Raphaela Edelbauer – Die echtere Wirklichkeit

Um die Wahrheit ist es nicht bestellt in diesen Tagen. Fake News, alternative Fakten und eine Flut von KI generiertem Müll bedrohen die Wahrheit und machen die Verständigung auf eine gemeinsame Realität immer schwerer. In Raphaela Edelbauers Roman Die echtere Wirklichkeit probt eine Gruppe namens Aletheia den Widerstand dagegen. Wie dieser Kampf aussieht, davon erzählt die österreichische Autorin in ihrem Buch und zielt dabei mitten hinein in unsere Gegenwart.


Wir wollen keine konkreten Reformen vorschlagen, wofür wir andere, mit uns kooperierende Gruppen als zuständig erachten. Wir sind philosophische Revolutionäre, deren sogenannter Terror gewissen Denkbewegungen die Waffe an die Schläfe drückt

Raphaela Edelbauer – Die echtere Wirklichkeit, S. 376

So formuliert es die Vereinigung namens Aletheia in ihrem thesenstarken Manifest, das die in Wien beheimatete Gruppe gemeinsam erarbeitet hat. Mit einer gehörigen Portion Revoluzzer-Nostalgie angefertigt in einer besetzten Wohnung per Matrizendruck sind es 71 Thesen, die für die Gruppe entscheidende Bedeutung besitzen.
Man liest Heidegger, nur ist es diesmal die Musik von Depeche Mode anstelle von Ton, Steine, Scherben, die aus den Lautsprechern dröhnt, während man diskutiert und streitet. Aber nur bei Diskursgewittern soll es nicht bleiben – denn Aletheia ist mehr als ein philosophischer Lesekreis und steht damit in der Tradition des Terrors einer RAF: mithilfe eines Anschlags will mit einem sprichwörtlichen Knall auf die eigenen Thesen hinweisen und die eigene Mission zum Erfolg zu führen.

Terror und Philosophie

Raphaela Edelbauer - Die echtere Wirklichkeit (Cover)

Doch wie kam es so weit, das inmitten Wiens der bewaffnete Aufstand und Terror geprobt wird?

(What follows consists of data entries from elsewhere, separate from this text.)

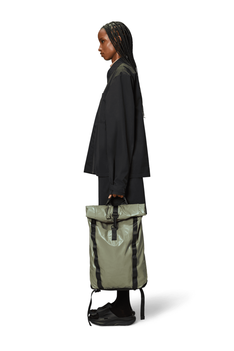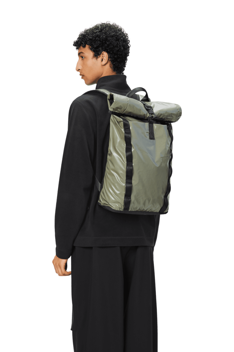 Sibu Rolltop Rucksack is cut from Rains' technical polyester finished with a waterproof TPU coating. The design is sleek and lightweight with a great durability.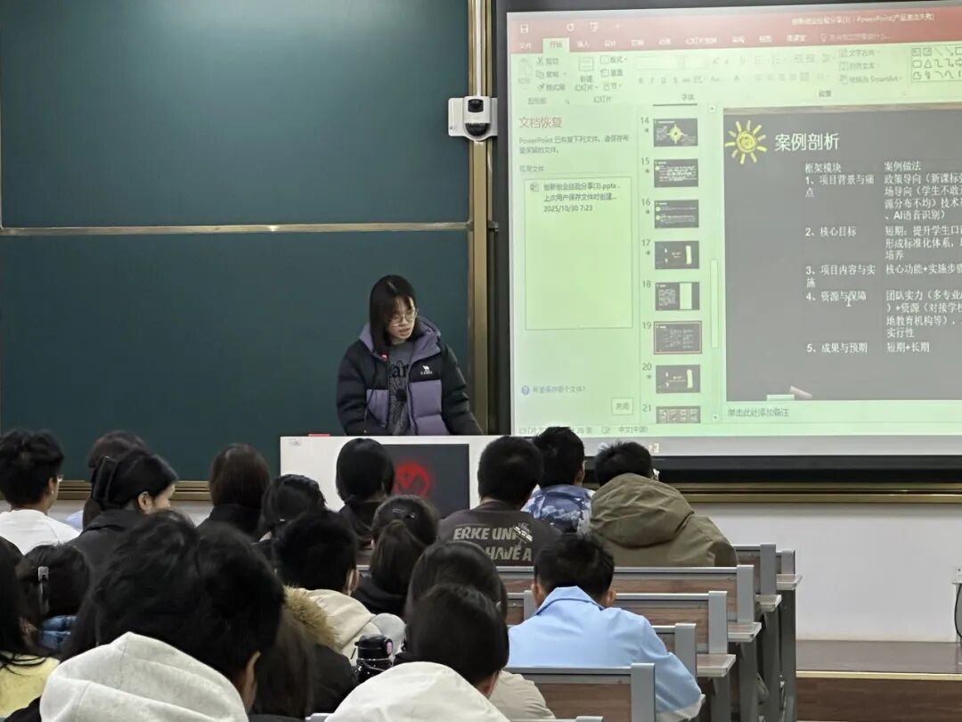 宣讲过程中,现场氛围热烈,新生们专注聆听、积极提问,学姐们逐一耐心解答,用真实经验化解新生顾虑,为大家理清了参加创新类大赛的思路与方向。同学们纷纷表示,学姐们的分享不仅让自己对创新类大赛有了更清晰的认知,更激发了主动探索、勇于尝试的热情。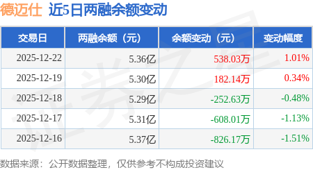 证券之星消息,12月22日,德迈仕(301007)融资买入2080.64万元,融资偿还1542.61万元,融资净买入538.03万元,融资余额5.36亿元。

Und was will die Gruppe eigentlich? Das erzählt nicht nur das immer wieder aufgegriffene thesenreiche Manifest, das den Leser*innen von Raphaela Edelbauers neuem Roman gleich als Einstieg um die Ohren gehauen wird. Auch die im Rollstuhl sitzende Romy alias Byproxy nimmt uns zurück an die Anfänge, als das mit Aletheia begann – beziehungsweise, als sie zur Gruppe stieß. Denn Byproxy ist der jüngste Neuzugang der Gruppe, die sich aus Paul, Bernward, Brigitte und der Chirurgin konstituiert.

Nachdem sie aus ihrer Wohngruppe hinausgeflogen ist, stößt Romy in den kalten Straßen Wiens auf die Spur der Revolutionäre – und findet Anschluss bei denen in einer besetzten Wohnung beheimateten Gruppe. Als Einstieg in die Welt der Wahrheitsverfechter muss sie durch die ganz große Denkschule durchfräsen und die Lektüre von Parmenides, Husserl oder Hegel nebst Hausarbeit erledigen, um bei Aletheia Aufnahme und Anerkennung zu finden.

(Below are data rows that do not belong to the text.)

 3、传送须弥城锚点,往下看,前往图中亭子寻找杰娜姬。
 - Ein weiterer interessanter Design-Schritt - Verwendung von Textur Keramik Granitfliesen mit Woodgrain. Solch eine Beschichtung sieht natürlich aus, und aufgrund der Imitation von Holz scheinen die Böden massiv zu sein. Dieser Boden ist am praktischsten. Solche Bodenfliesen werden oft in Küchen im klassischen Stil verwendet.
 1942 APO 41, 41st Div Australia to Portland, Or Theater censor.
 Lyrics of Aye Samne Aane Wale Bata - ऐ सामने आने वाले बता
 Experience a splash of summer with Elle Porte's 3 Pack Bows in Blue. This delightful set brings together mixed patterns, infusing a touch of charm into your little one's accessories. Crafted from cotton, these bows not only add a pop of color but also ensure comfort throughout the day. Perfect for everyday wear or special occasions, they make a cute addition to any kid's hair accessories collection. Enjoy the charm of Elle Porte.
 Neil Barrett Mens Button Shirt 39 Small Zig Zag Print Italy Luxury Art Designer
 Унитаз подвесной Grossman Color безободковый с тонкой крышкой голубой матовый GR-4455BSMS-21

Mithilfe des philosophischen Rüstzeugs soll die gehbehinderte Byproxy die Gruppe in ihrem großen Kampf unterstützen. Diesen führt die nach der griechischen Göttin für die Wahrheit benannte Gruppe für die Wahrheit. Denn die Wahrheit, sie gerät seit dem Erfolg des Poststrukturalismus zunehmend in Gefahr – und das von höchster Stelle.

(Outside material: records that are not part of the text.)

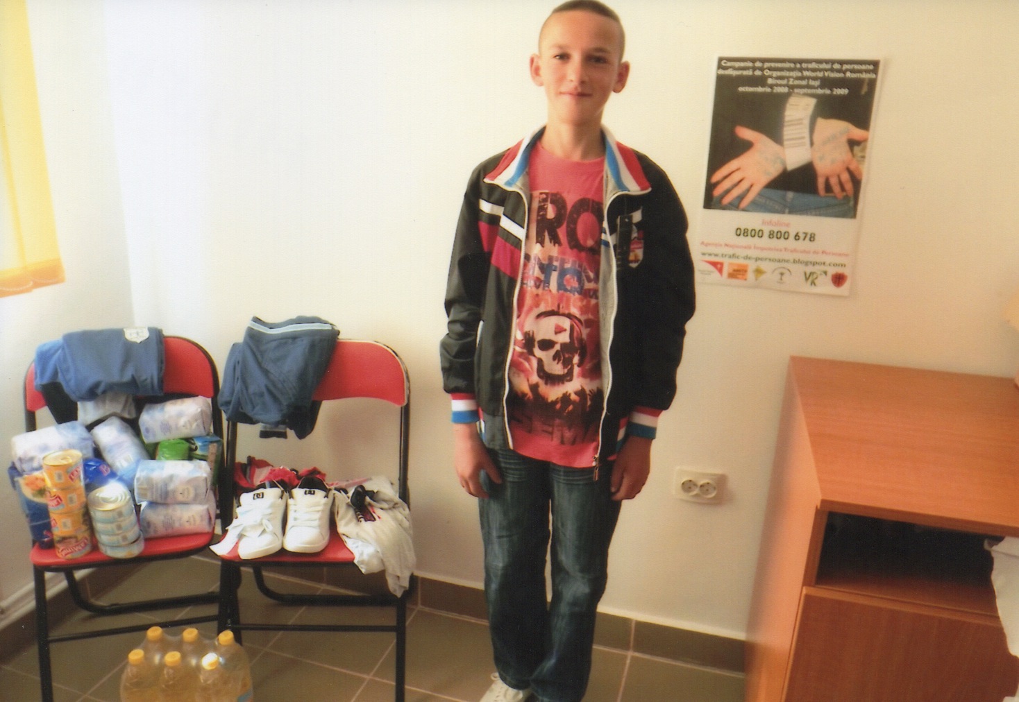 Cristian, 5, is shown at left with his sister and nephew in Romania. His older sister listed the items the family bought with a recent gift: flour, rice, beans, tomato pasta, canned food, honey, peas, potatoes, dairy products, fruits, mushrooms, pasta, halvah, bagels, jacket, blouses, a tracksuit for Cristian and tracksuits for his sisters, washing powder, soap, shampoo and diapers for his sister, toilet paper and many other things.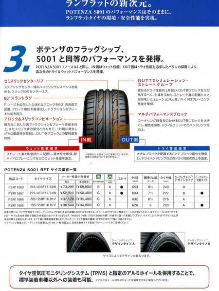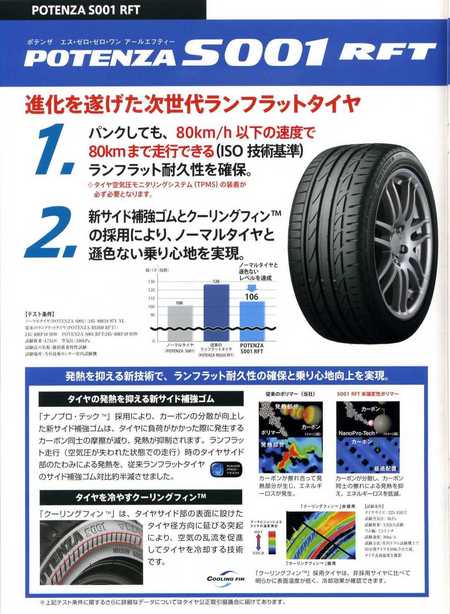 ランフラットタイヤ「ポテンザS001」を、もう少し詳しく説明したいと思います。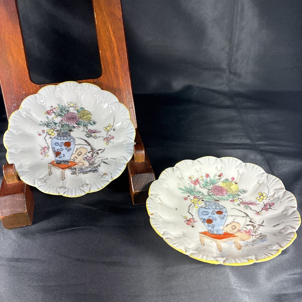 - 中国美術 宋 白磁 お取皿二枚 色絵 輪花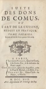 Édition originale très rare d'un des ouvrages les plus importants du règne de Louis XV. Il suffit de lire cet ouvrage et de lire « Les Dons de Comus » volume publié 3 ans plus tôt pour constater, contrairement à ce qui a été dit et écrit jusqu’à lors, que cet ouvrage en 3 volumes n’est pas du tout une réédition du petit volume précédent, publié chez la veuve Pissot. La boutique de Prault fils est située juste en face de la sienne et il est impossible que la veuve ait ignorée la production des 3 volumes. Cependant, et toujours contrairement aux dires de bibliographes et libraires, le frontispice a été regravé d’après celui de Le Bas (un personnage central a été ajouté au premier plan, offrant des légumes) ; l’éditeur n’a donc pas pu se procurer l’ancien tirage de la 1ère planche. On a seulement attribué « gratuitement» les deux ouvrages à F. Marin, lequel aurait été maître d’hôtel du Prince Charles de Rohan-Soubise (l’ami de cour du roi). La préface est attribuée à Meusnier de Querlon, l’auteur des « Soupers de Daphné... ». Dans la préface du présent ouvrage (p. XLIX) est inscrit : « L’ouvrage que je donne aujourd’hui est exactement la suite des « Dons de Comus » ». Le premier volume concerne : les bouillons, consommés, sauces, coulis, les potages et viandes ; le 2ème volume concerne le cochon, les volailles, le gibier, les légumes et champignons ; le 3ème volume concerne les pâtés, pâtisseries, rôtis, beignets, canapés, œufs, bouillons ; quelques sauces et de nombreux apprêts de poissons de rivière et de mer, et la « Cuisine et économie bourgeoise » . Cet un ouvrage très complet offrant un éventail de plus de 1 500 recettes bien décrites. Très bon exemplaire en condition d’époque. Quelques légères traces claires dues au papier employé et antérieures à l’impression, rendu un peu plus savoureux par 4 marques d’appartenance à la même personne, dont « Ce livre appartient à moy Claude Pierre Mortier de Rive de Gié en Lionnais, bon garçon. Ceux qui le trouveront à lui le renderon, et il leur païra bien gracement leurs peines, fait à Verdun, ce 10 février mil sept cent quarante huit, Claude Pierre Mortier 1748 ». Petites restaurations, très bien faites à la reliure. Marin fut d’abord cuisinier de Madame de Gesvres. Il officia ensuite chez le Maréchal-Prince de Soubise (1715-1787) qui faisait partie des soupers fins de Louis XV en même temps que le Prince de Dombes (1700-1755), qui, sans se dévoiler l’auteur du « Cuisinier Gascon » (1740). On attribue au Prince de Soubise la célèbre sauce aux oignons. Marin décrit « trois sauces particulières aux oignons ».

Längst schon arbeiten Kräfte auf dem ganzen Kontinent gegen die Wahrheit an. Man erfindet Begriffe wie alternative Fakten und hat gar kein Interesse mehr, sich zu verständigen und eine gemeinsame Verständnisbasis auszumitteln. Die Verbindlichkeit dieser gemeinsamen, verbindenden Wahrheit ist in Gefahr – doch Aletheia will sie verteidigen.

Der Kampf für die Wahrheit

Es ist ein Kampf, der mehr mit Worten und Gedanken als mit echten Taten geführt wird. Zwar besuchen Paul und Byproxy eine Wahlveranstaltung der rechtspopulistischen Freiheitlichen Partei Österreichs oder planen einen Anschlag auf die Kronenzeitung, die in den Augen der Gruppe eine Schleuder für Fake News darstellt (und die in der Alpenrepublik trotz ihres boulevardesken und unterkomplexen bis rassistischen Charakters eine Zielgruppe von über drei Millionen Menschen erreicht) – das Ergebnis dieser Anstrengungen bleibt aber kärglich. Eine schlampig gemauerten Mauer vor dem Universitätsbüro von Wahrheitsfeinden, sie ist alles, was bleibt. Dass dieses Bauwerk dann fast von alleine kollabiert ist sinnbildlich zu sehen.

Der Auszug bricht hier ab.